In more recent years, and even in retirement, Liz and Cecilia extended their union activism to another longstanding ANMF priority – aged care reform. The pair are key members of grassroots lobby group Aged Care Reform Now, a community of older people, families and friends, current and retired aged care workers, and others passionate about fixing the sector.

Both have advocated for aged care reform for many years, having been exposed to the shortcomings across the system through nursing and personal experiences with family members.

Cecilia, who has taken part in various aged care Inquiries and research projects since the problematic 1997 Aged Care Act was introduced, says the point of difference with Aged Care Reform Now is that it is focused on exposing problems, and finding solutions too.

Since it was established, the group has achieved influential change throughout the aged care reform process by writing research reports and making submissions to Inquiries.

As real aged care reform has finally begun to be implemented under the Albanese Government, highlighted by RN 24/7 and mandated care minutes legislation, Aged Care Reform Now continues to advocate for change.

“It’s piecemeal,” Liz says of the improvements.

“We’re trying to undo the damage that was done by the 1997 Aged Care Act.

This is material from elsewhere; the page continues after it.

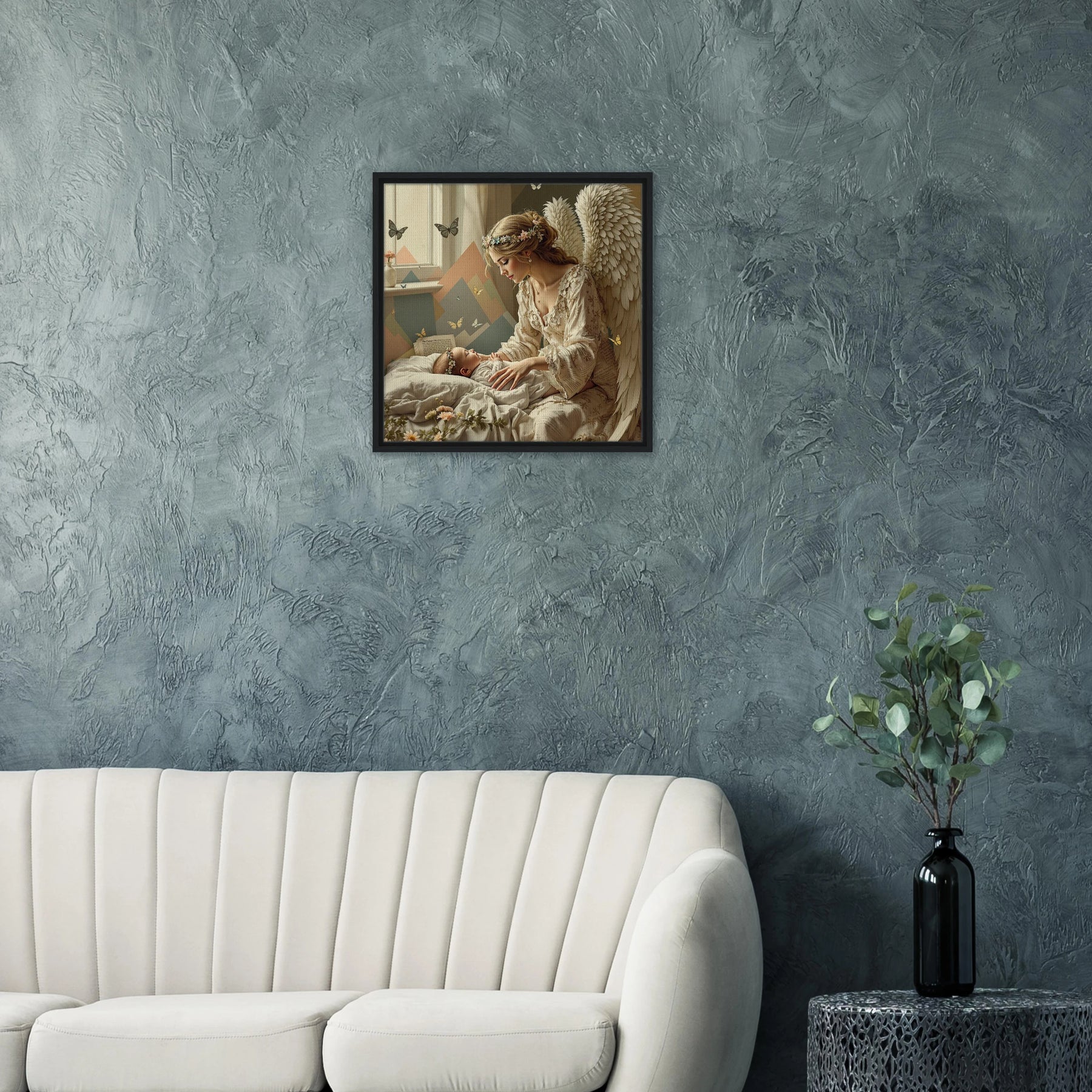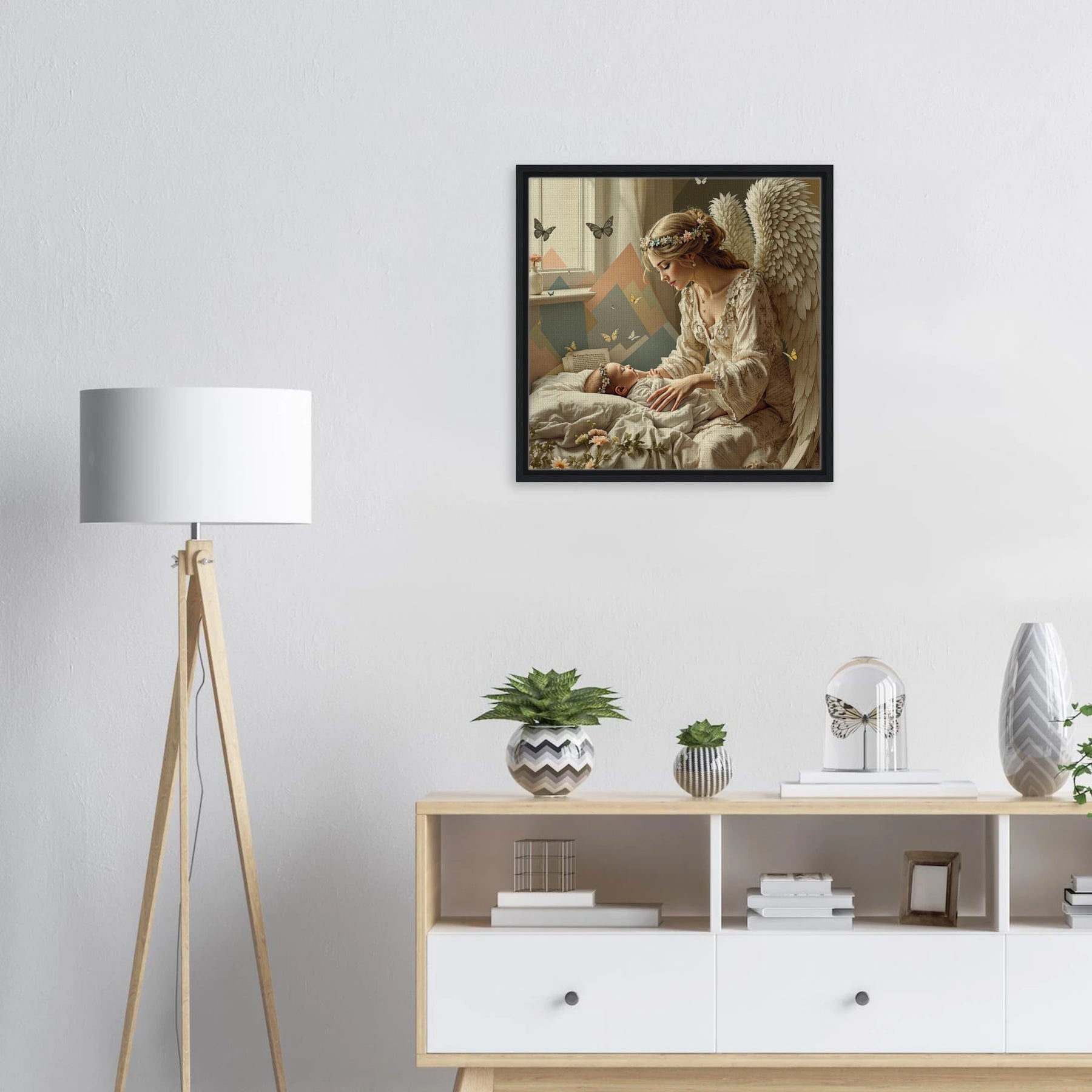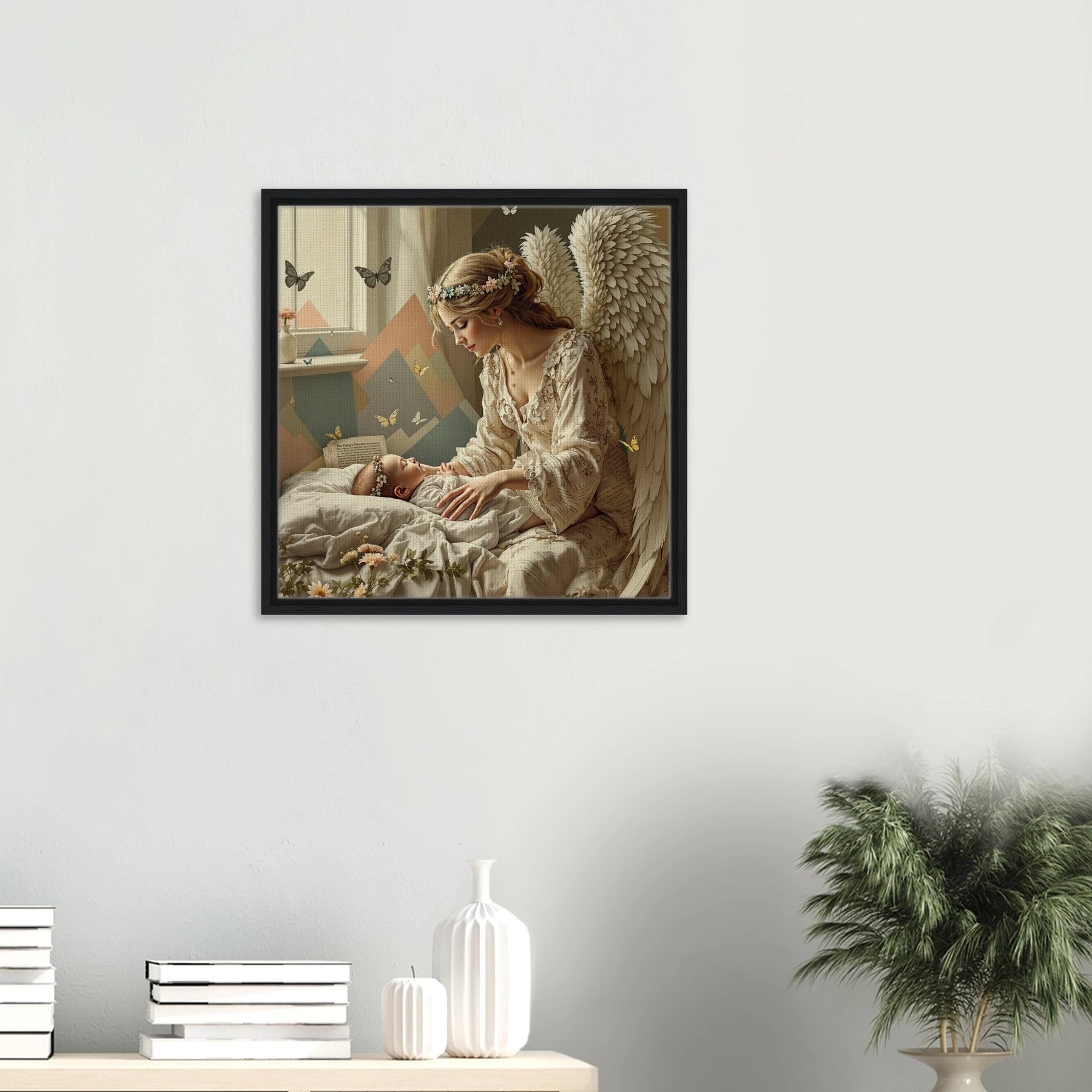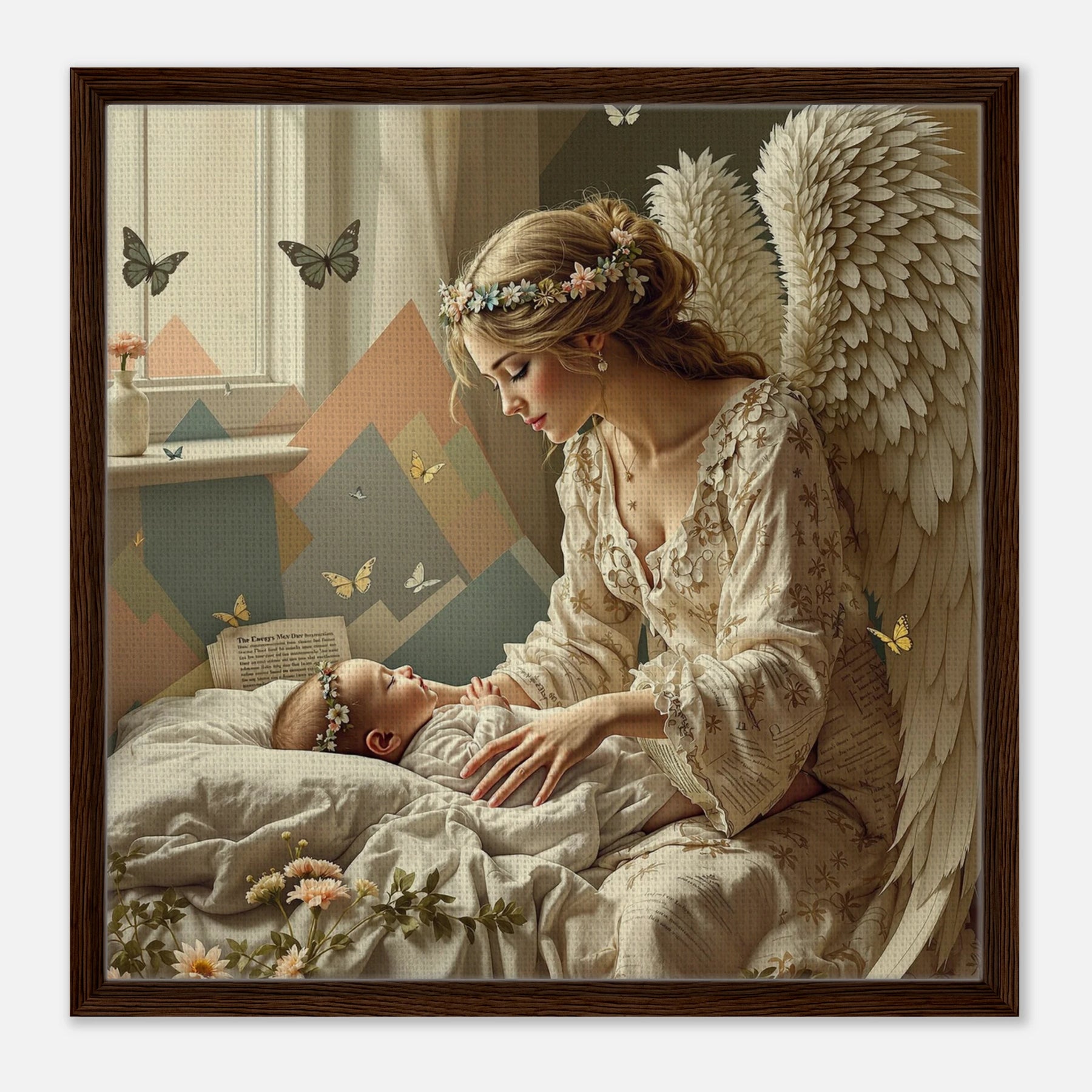 Diese gerahmte Leinwand zeigt einen Guardian Angel – lichtvoll, beschützend und voller Anmut. Die strukturierte Oberfläche bringt Wärme und Tiefe ins Motiv, während der edle Rahmen dem Bild seine stille Eleganz verleiht.

“The public, who don’t have any involvement with aged care, all they see is the glossy brochures. They’re looking at a retirement village picture. They’re not looking at the reality of 80% of residents having cognitive disability, having Parkinson’s, the falls.”

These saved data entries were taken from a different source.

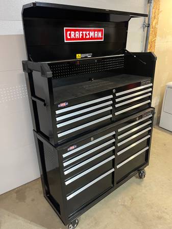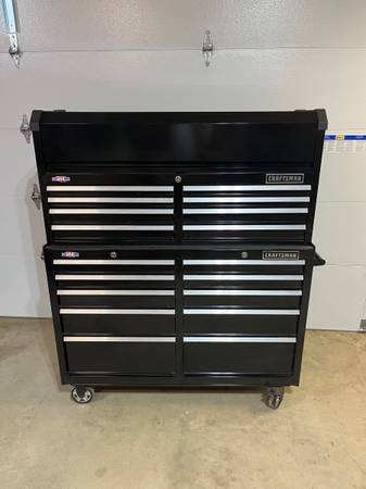 52 inch Craftsman tool chest combo. Bottom is 52x18 in. with 10 drawers. Top is 52x16 in. with 8 drawers. $500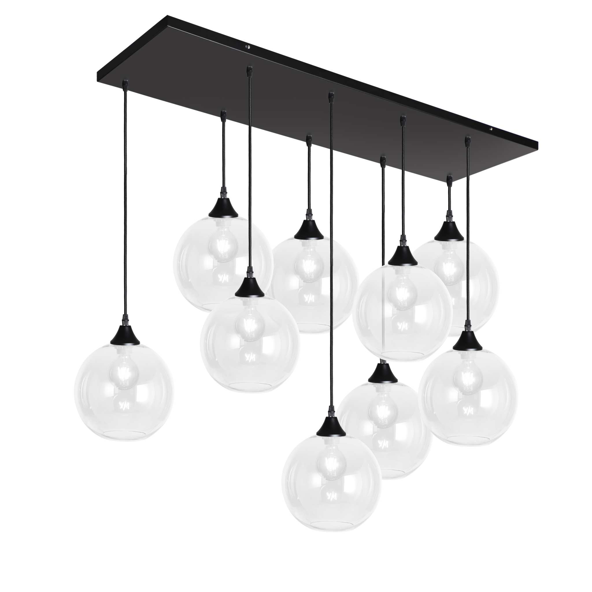 9 light pendant with black braided cable complete with black ceiling plate and lamp holder with your choice of glass shade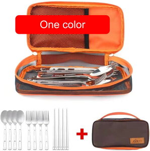 【プレミアムキャンプ料理】---13個のキャンプ調理器具キッチンステンレス製ステル器具セットには、フォーク4個+スプーン4個+箸4本+カトラリー収納ケース1個が含まれています。この器具セットのすべて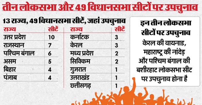 देशभर में 13 राज्यों की 49 विधानसभा सीटों और तीन लोकसभा सीटों पर जल्द ही उपचुनाव होने वाले हैं। चुनाव आयोग ने झारखंड और महाराष्ट्र विधानसभा चुनाव की तारीखों के साथ इन उपचुनावों की घोषणा भी कर दी है। इन उपचुनावों में सबसे चर्चित केरल की वायनाड लोकसभा सीट और उत्तर प्रदेश की करहल विधानसभा सीट हैं। आइए जानते हैं इन उपचुनावों की वजह और उन सीटों के बारे में जहां चुनाव होंगे।

According to Cecilia, the nursing profession always has to fight to be heard when it comes to their work and wellbeing. Unless nurses continue to be activists, things won’t change.

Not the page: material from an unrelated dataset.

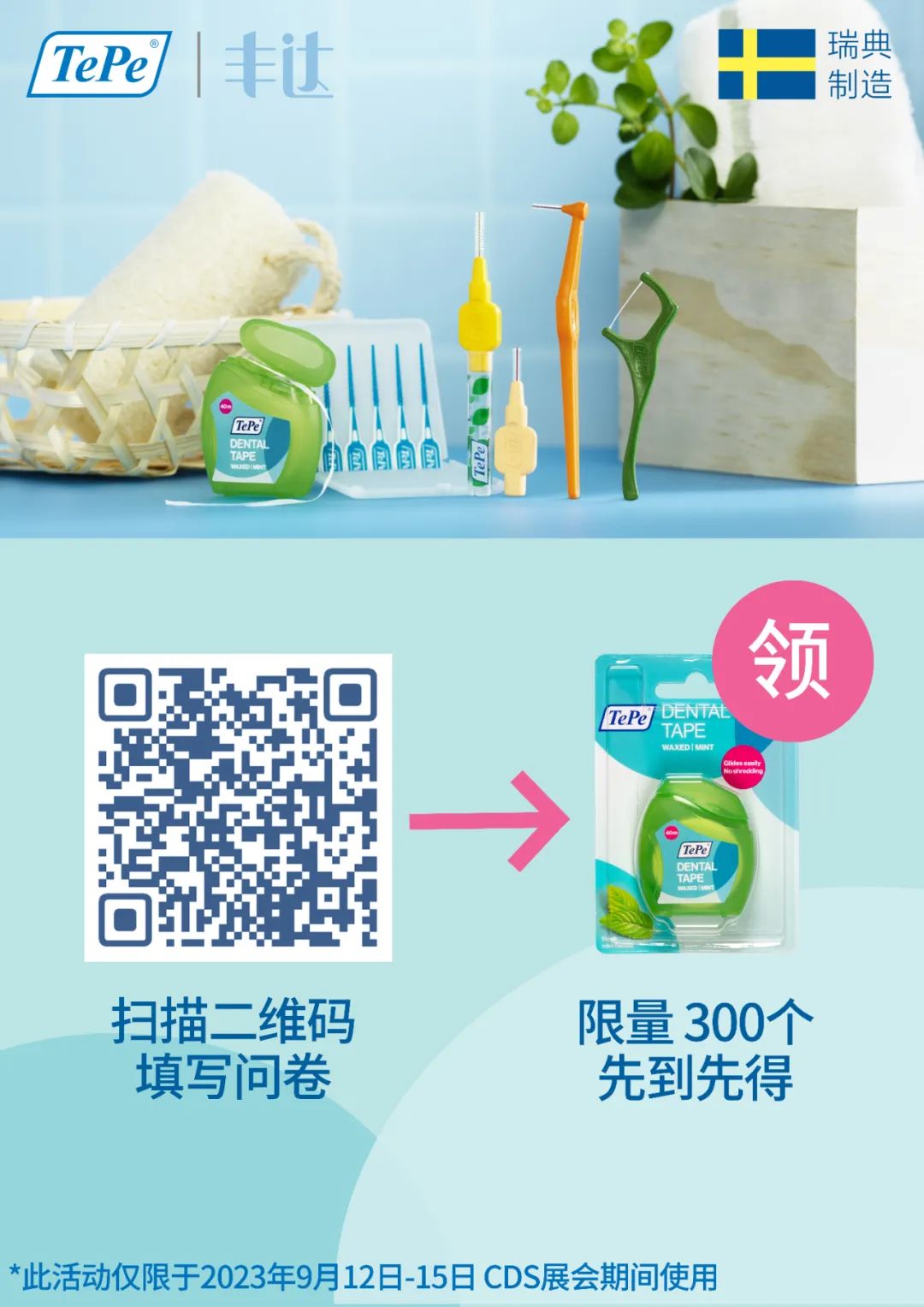 填写完成后可与现场工作人员领取1个 TePe40m牙线

“Nurses at the bedside, and in the community, they see it. They see the reality of poor management. They see the reality of not enough staff. They’re feeling the effects of burnout, even pre-COVID, the burnout was already revealing itself and people were looking at leaving the profession. If nurses realised that they can change things, by engaging in the political process and lobbying policymakers about their work and speaking out, then maybe things could just be that little bit better.”

Liz says she saw the difference that can be made first-hand when, in 2018, palliative care ratios were finally implemented through the ward.

“It was almost a state of shock – I didn’t have to do unpaid overtime anymore,” she says.

Aged care is a different, much more complex issue, however, due to system privatisation and the complexities of it being a federally legislated environment that will require lengthy ongoing activism.

After decades in nursing, both Liz and Cecilia maintain that the only way to achieve real workforce change is to join your union and become active members.

“They [nurses] should get involved because people who make policy about what you do, you’ve got to be able to stand up and say ‘No, that doesn’t work’. If it’s not working, you need to stand up and say so. And you need to be able to be safe to do that,” suggests Cecilia.

“Nursing is the best career. It’s a lifelong career,” adds Liz.

“You can change fields. It’s intellectually stimulating. You get to work with a diverse group of people.

“But you have to be actively involved [in your union]. The fantastic thing about the ANMF (Vic Branch) is that we’ve had wonderful leadership and we’ve had generations of nurses who’ve said – we can do better.”